I’m going to need your help with inner dialogue where characters reveal their insecurity and strength, their desire for self-preservation with values like love truth beauty compassion instinct and intuition because they have to survive.

As Rita and Tran know if you survive you are a WINNER. Life loves a winner. The soft machine loves a winner. Survivors want to prolong the inevitable, said Death. Some want fame. Some want recognition. Some could care less and don’t try. Fail better. Do.
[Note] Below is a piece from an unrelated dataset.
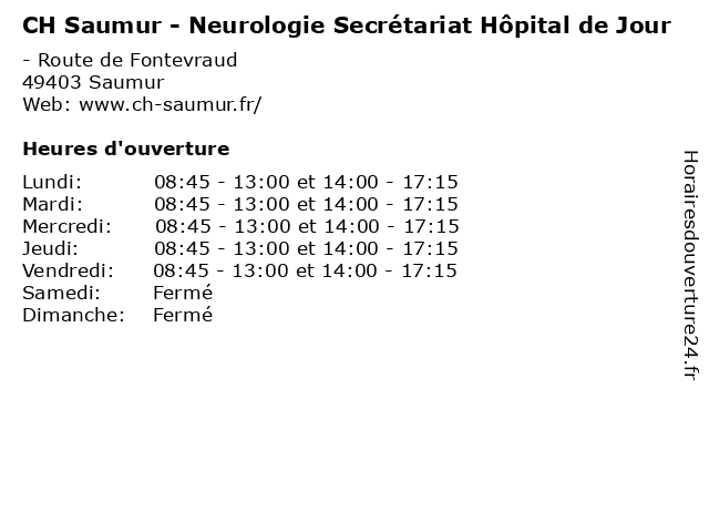 | Mardi | 08:45-13:00 et 14:00-17:15 |

Let’s see their fears and strengths, said Leo  ... Their fear of hungry ghosts & the poverty of food, love, and security is strong, said Devina, Strength and trust releases ego and expectations  ... all the expectations are external  ... circumstances outside character affect their psyche  ... environment affects silly humans  ... smart humans affect their environment  ... see their struggle to accept their authenticity. It requires courage.

See their fear and courage when alone with others … see their courage accepting loss forever  ... see their fear of starvation on physical, emotional, spiritual and psychological levels  ... see their courage of adventure.

Write one true sentence. See their skill to write short sentences, said Omar.